In addition to the terminal position (Figure 6 and Figure 7), interstitial telomeric-like repeats were detected in five out of 20 studied species, namely, in Celestus warreni, Heloderma exasperatum, Heloderma horridum, Varanus salvadorii, and Xenosaurus platyceps. In both species of the genus Heloderma, extensive amplification of telomeric repeats were identified in several pairs of microchromosomes. Telomeric repeats often tend to accumulate in the microchromosomes of sauropsids, as was documented in birds [52], turtles [44,53,54], and snakes [55]. Microchromosomes have generally higher rates of recombination in comparison to macrochromosomes [56,57,58]; therefore, we can speculate that telomeres extensively amplify in microchromosomes as a consequence of the DNA repair mechanism occurring after recombination events [59,60]. ITRs were detected in a single pair of macrochromosomes in Xenosaurus platyceps and Varanus salvadorii, and in five pairs of macrochromosomes in Celestus warreni. The origin of the ITRs is not clear, it might be a result of chromosomal rearrangements, such as chromosomal fusions or inversions, as well as activity of retrotransposons [61,62,63,64]. In addition, telomeric-like sequences are often part of the (peri)centromeric satellite motifs [65,66]. Overall, the presence of ITRs is quite rare in anguimorphan reptiles, in comparison to other toxicoferan reptiles, such as “haenophidian” snakes [67] and chameleons [49].

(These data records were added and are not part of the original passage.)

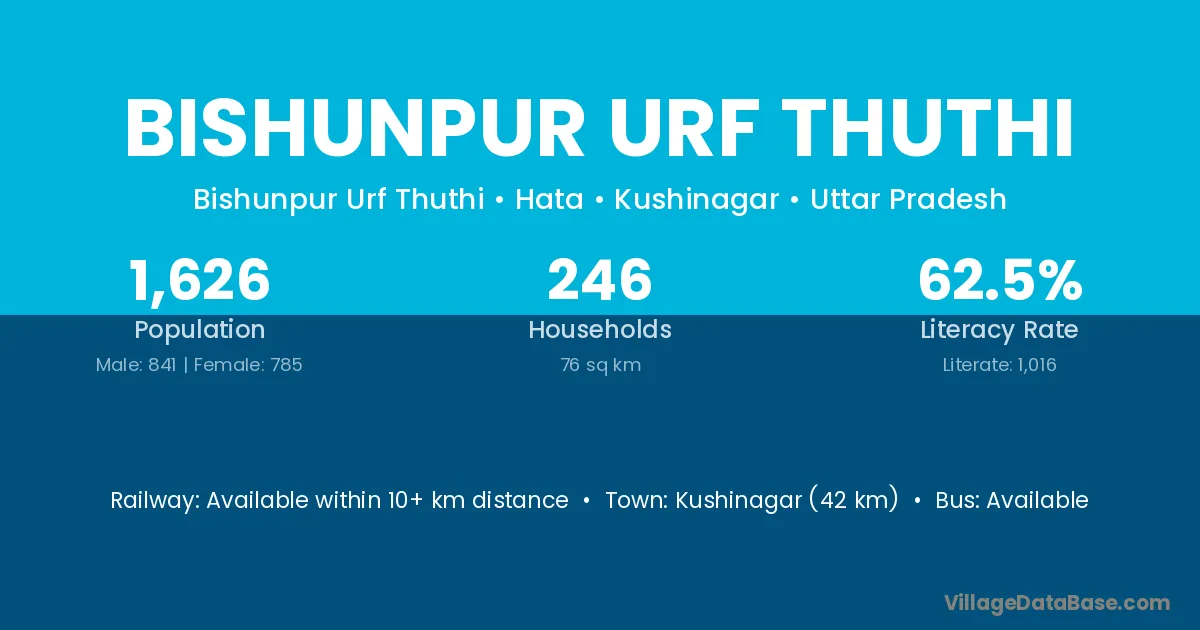 Kushinagar (42 km) is the nearest town to Bishunpur Urf Thuthi village for major economic activities and is located approximately 42 km away.
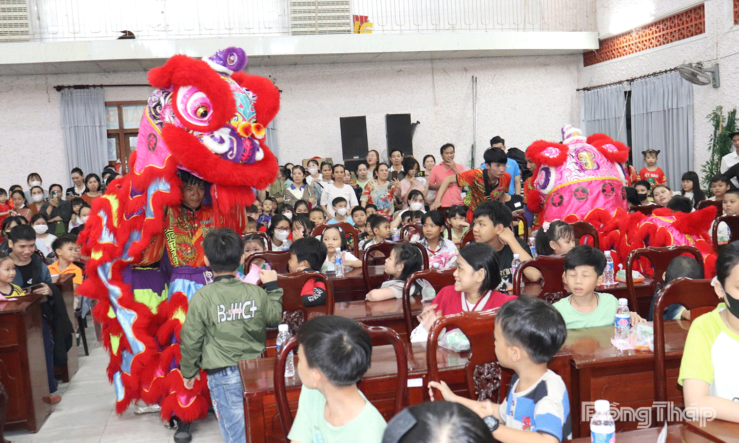 Chương trình mở đầu bằng những màn múa lân sôi động cùng các tiết mục văn nghệ đặc sắc, hoạt cảnh “Chú Cuội - Chị Hằng” tái hiện không khí Trung thu truyền thống, tạo sự háo hức, rộn ràng cho các em nhỏ.
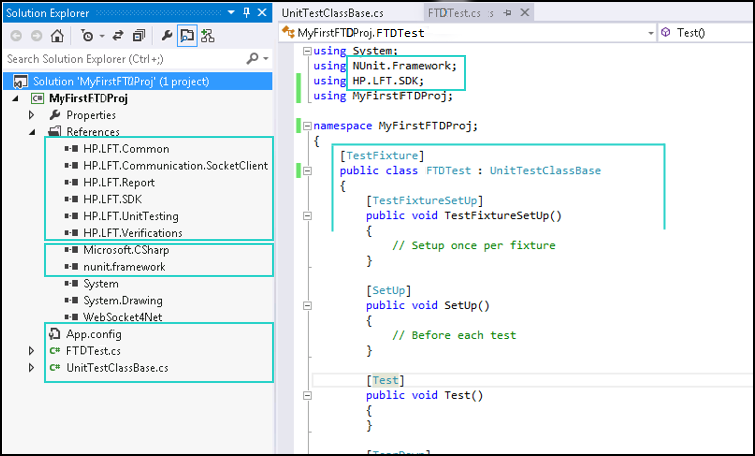 Reference to the HP.LFT.SDK and related HP.LFT.* elements (project template only)
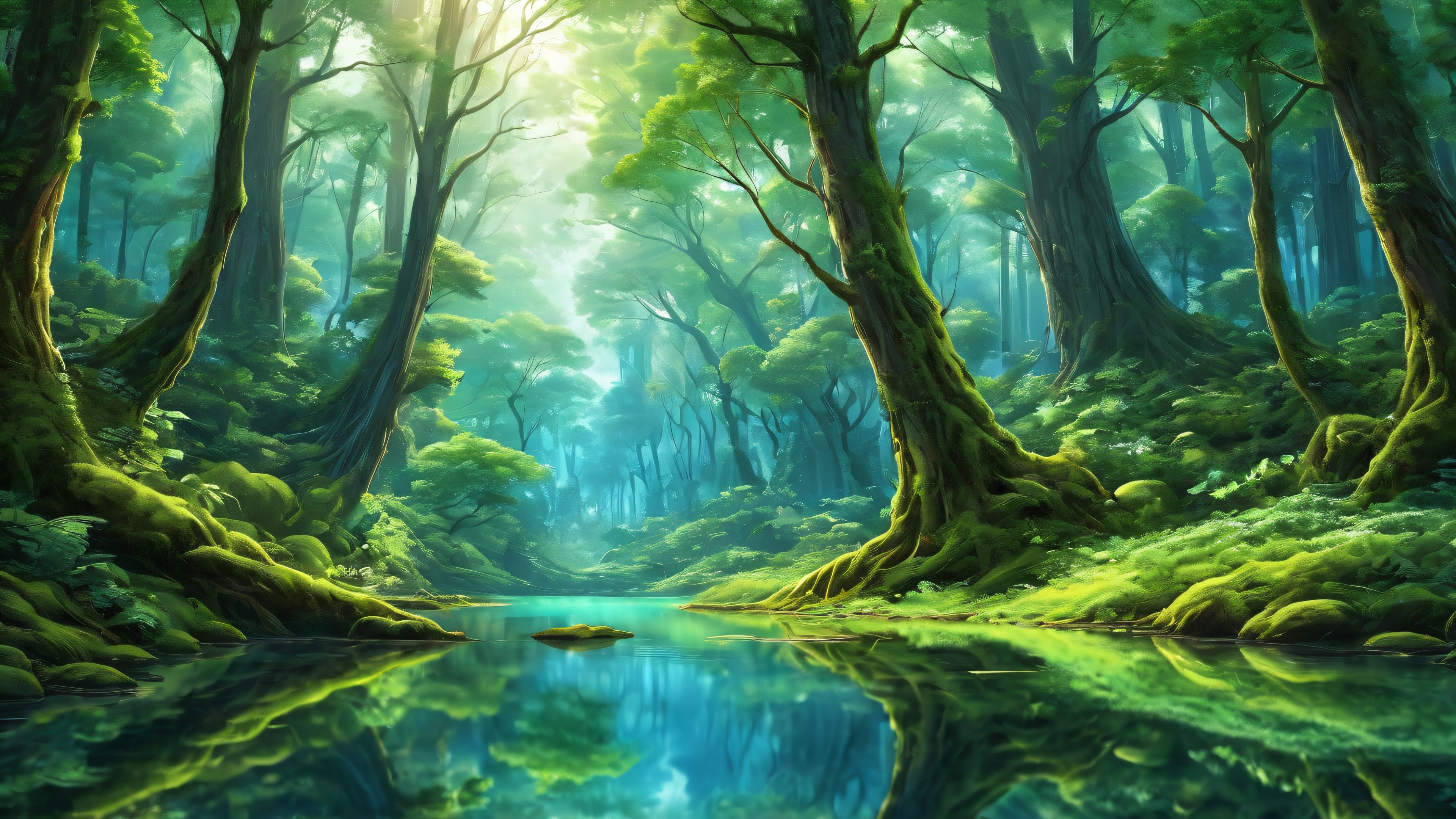 A breathtaking desktop wallpaper of Forest, Perfectly clean vast pure void, extreme depth of field, Award-winning digital art, pristine clarity, Ethereal lighting. Radiant, brilliant colors, ray traced reflections, and pristine clarity. Bright and airy., [‘Green’, ‘Blue’, ‘White’], 16:9 aspect ratio, ethereal lighting, radiant, brilliant colors, ray traced reflections, pristine clarity, award-winning digital art, epic breathtaking scale, stunning visual impact, perfect composition, highly textured surfaces, intricate micro-details, physically based rendering, macOS wallpaper aesthetic, masterpiece, highest quality, highly detailed, 8k resolution.
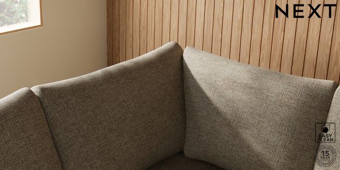 7.2.10 Parker Large Corner Sofa - Left Hand Woven Chenille Easy Clean Mid Natural Low Retro Tapered - Light | Made Click here to use our website with more accessibility support, for example screen readers
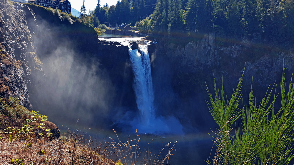 Wieder im Tal machen wir einen Abstecher zu den Snoqualmie Falls. Obwohl ein Teil des Wassers zur Elektrizitätsgewinnung abgezweigt wird und der Fluss jahreszeitbedingt nur wenig Wasser führt, ist der Anblick des sich über eine 82 m hohe Kante in eine schmale Schlucht stürzenden Wassers immer noch sehr beeindruckend. Nachdem wir uns genug eingenebelt haben, machen wir uns auf die Suche nach einem Übernachtungsplatz. Das stellt sich als sehr schwierig heraus, da fast alle Waldstrassen innerhalb der umliegenden State Forests mit Barrieren abgesperrt sind. – Wir sind hier wohl schon zu nahe an der dicht besiedelten Küstenebene um Seattle und Tacoma…

Animals often show variability in the chromosomal position and the amount of accumulation of rDNA loci among and within species, e.g. [72,73,74,75,76,77,78]. The rDNA loci were detected only in one pair of chromosomes in most of the studied anguimorphan species, but their topology varies from a pair of microchromosomes in four species (Barisia rudicollis, Gerrhonotus liocephalus, Xenosaurus platyceps, Xenosaurus rectocollaris) to a pair of macrochromosomes in the remaining studied species (Figure 8 and Figure 9). Notably, rDNA loci were detected in two pairs of macrochromosomes in Heloderma horridum and H. exasperatum (Figure 8). The presence of rDNA loci in multiple chromosome pairs is rather uncommon in reptiles, and it was previously reported in few species, such as the boa Candoia paulsoni [67] and the iguanas Oplurus cyclurus [74], Leiocephalus carinatus and Leiocephalus raviceps [72].

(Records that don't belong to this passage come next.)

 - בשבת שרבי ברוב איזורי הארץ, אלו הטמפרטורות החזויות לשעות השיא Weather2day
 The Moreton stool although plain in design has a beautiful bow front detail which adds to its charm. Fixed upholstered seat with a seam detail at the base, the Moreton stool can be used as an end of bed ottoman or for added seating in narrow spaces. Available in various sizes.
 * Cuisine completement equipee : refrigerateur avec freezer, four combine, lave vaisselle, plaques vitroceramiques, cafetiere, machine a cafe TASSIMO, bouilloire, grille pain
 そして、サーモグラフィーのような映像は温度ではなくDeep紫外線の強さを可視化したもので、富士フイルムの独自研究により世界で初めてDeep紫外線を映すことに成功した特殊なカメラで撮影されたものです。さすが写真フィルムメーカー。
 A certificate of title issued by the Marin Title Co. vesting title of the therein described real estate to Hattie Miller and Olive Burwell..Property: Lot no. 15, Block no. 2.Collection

In addition, rDNA loci often accumulate on the sex chromosomes of reptiles. Notable differences in the copies of rDNA loci between the Z/W and X/Y sex chromosomes were previously reported in several species of trionychid and chelid turtles [53,79,80,81]. On the other hand, the rDNA loci are not detected on the Y chromosome of the common sandfish Scincus scincus (Scincidae) and the W chromosome of the Peters’ keeled plated lizard Tracheloptychus petersi (Gerrhosauridae), although they contain their X and Z chromosomes, respectively [7,82]. Notably, we did not detect any sex-specific accumulation on the sex chromosomes of anguimorphan reptiles (Figure 8 and Figure 9).
The chromosomal regions with rDNA loci tend to act as “hotspots” for recombination, which can explain, at least partially, the large variability in the accumulation and chromosome position of rDNA loci [73]. Such variability can be neutral and tolerated by the cell. In support, the comparison of silver-stained NORs (i.e., transcriptionally active rDNA loci) and rDNA-FISH (i.e., all chromosome positions with rDNA loci) revealed variability in the activity of rDNA loci [83,84,85]. Therefore, we speculate that the genome of some species might have more copies of rDNA loci than the minimum requirement for proper cellular function. For example, only 25–50% of rDNA loci are needed for normal development in the African clawed frog, Xenopus laevis [86]. On the other hand, the variability in rDNA loci can cause the development of cancer [87,88] and genome instability [89].
During the cytogenetic analysis, we identified a triploid individual of Varanus primordius (3n = 60) with the ZZW combination of sex chromosomes revealed by qPCR (Table S2). The sex of the individual was not possible to identify accurately by morphology. Another case of triploidy in the family Varanidae was previously reported in a male individual of Varanus albigularis with ZZZ sex chromosomes [33]. The spontaneous triploidy occurs rarely in reptilian species with a typical diploid karyotype. In addition to the above-mentioned cases of monitors, to the best of our knowledge, spontaneous triploidy was previously described in two species of snakes, Elaphe bimaculata [90] and Agkistrodon piscivorus [91]. Among reptiles, several species of obligatory parthenogens of hybrid origin are triploids [92,93,94,95,96,97,98,99,100]. The identification of spontaneous triploidy in adults and the existence of obligatory parthenogenetic triploid species show that triploid individuals are viable in many reptile lineages.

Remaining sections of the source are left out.